Fun Bugs I've Fixed #3: It's a Wrap!

There was once an old system that did things. It did those things well for five years; but then one day, it stopped doing some of the things.

You see this system was in charge of doing a whole lot of things, so it forked 10 copies of itself, so that each copy could take care of a smaller portion. The system kept track of each forked child by tracking its PID. If it detected that a child was misbehaving, it forked new one, made sure that the old one was dead so that nothing was accidentally done twice, and everyone would carry along merrily.

There was also an ingenious way the system divided the labor. It assigned each of the children a number. Child #0 would do the tasks that ended in a 0, child #1 would take care of all the 1’s, and so-forth.

So on one fateful day, thing number 73, and 83, and 93 didn’t get processed, we knew exactly that one one of the children was misbehaving. When we looked at the running processes, and child #3 didn’t exist! How can that be? The forking logic was so simple.

At this point, I’ll give the reader an opportunity to solve this mystery. There should be enough evidence above to diagnose the issue.

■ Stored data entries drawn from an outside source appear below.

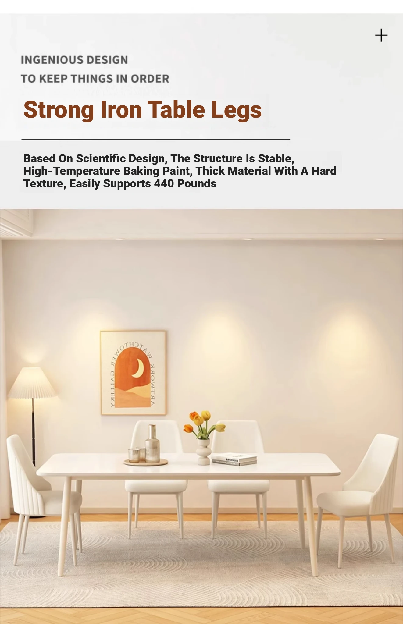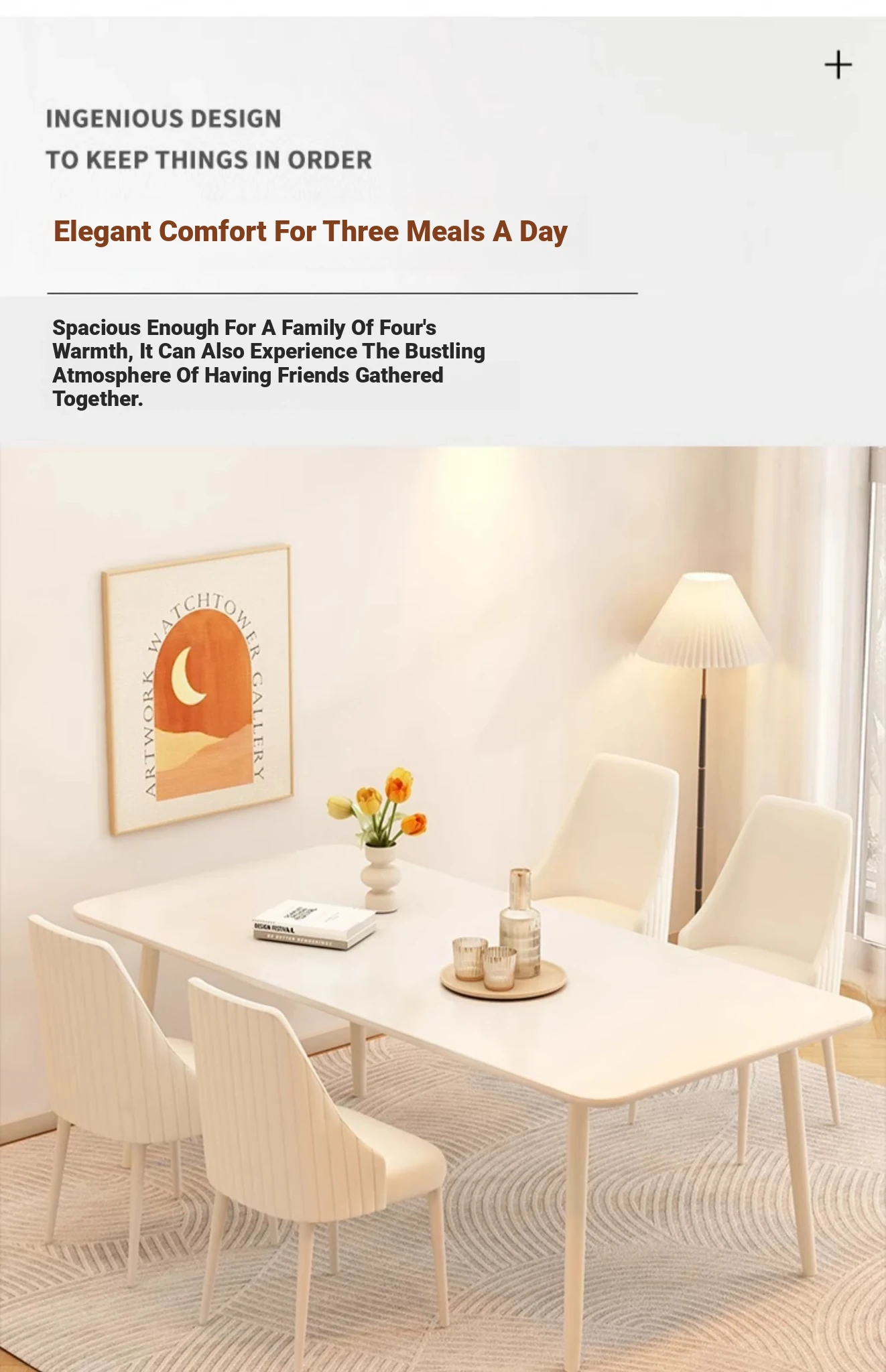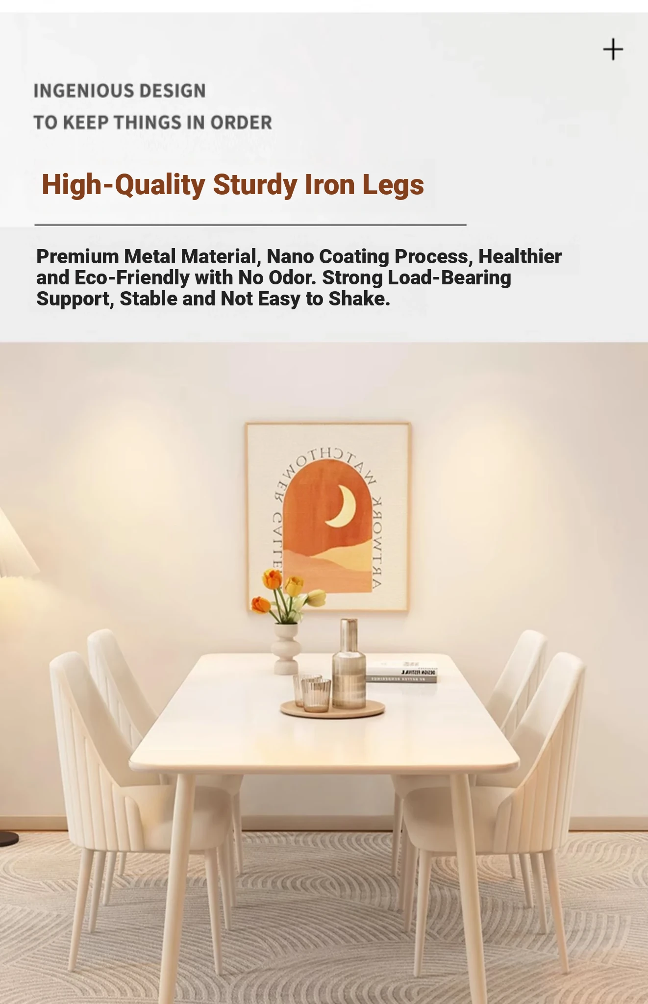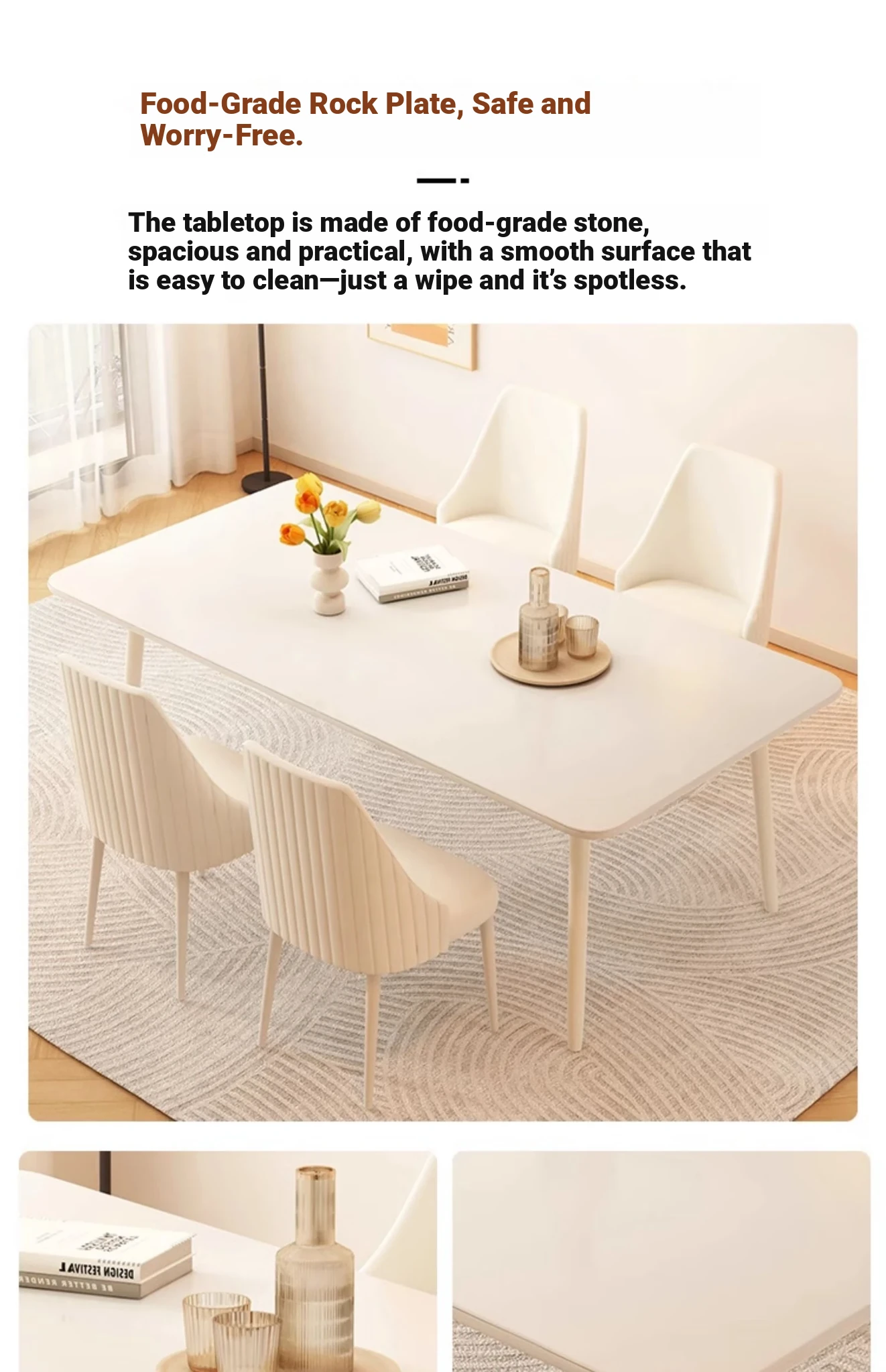 [One Table and Four Chairs] 55.12 in Pure White Rock Plate Dining Table +4 Leather Chairs
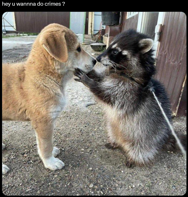 Real rambunctious feral friends do crime together. Real rambunctious feral friends help each other to make trouble. It's random, but it's raccoon, it's raccoon spirit. Befriend a raccoon, you'll have a fellow trouble maker for life.
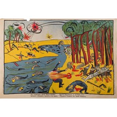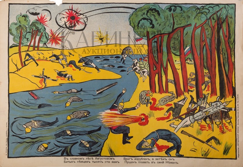 Архив аукциона №25(75) Лот 188 Лубочная картинка. Неизвестный художник. Текст В. Маяковского. «В славном лесе Августовом битых немцев тысяч сто вам. Враг изрублен, а затем он пущен плавать в синий Неман». М., издательство «Сегодняшний лубок»,типо-литография С.М. Мухарского, 1914.

So we must first look at how the operating system allocated PIDs. On Linuxes, PIDs are assigned incrementally; starting with 1 for the first process that is started after boot.

Now there is only a finite amount of resources on a machine, so the PID doesn’t grow unbounded. When it’s allocated PIDs up to a certain maximum number, Linux will wrap around and try to start from 1 again, but only giving new processes a PID that isn’t currently being used. By default, Linux will set the maximum PID to be 2^15 = 32768. You can check this value with cat /proc/sys/kernel/pid_max.

Back to issue at hand, child #3 had died at some point; but between the time that it spawned and died, the OS had allocated every single PID up to the maximum, and had wrapped all the way back around. So when it came time to allocate a new PID, it happened to be the exact same PID as the old child!

The logic in that system first forked a new copy of the child, but when it went to make sure that the old child was dead, it looked for the same PID and accidentally killed the new child instead.

Thus, the fix was easy: kill the old child first, then spawn a new one.

Written on Jul 31, 2016 about Linux and Bugs.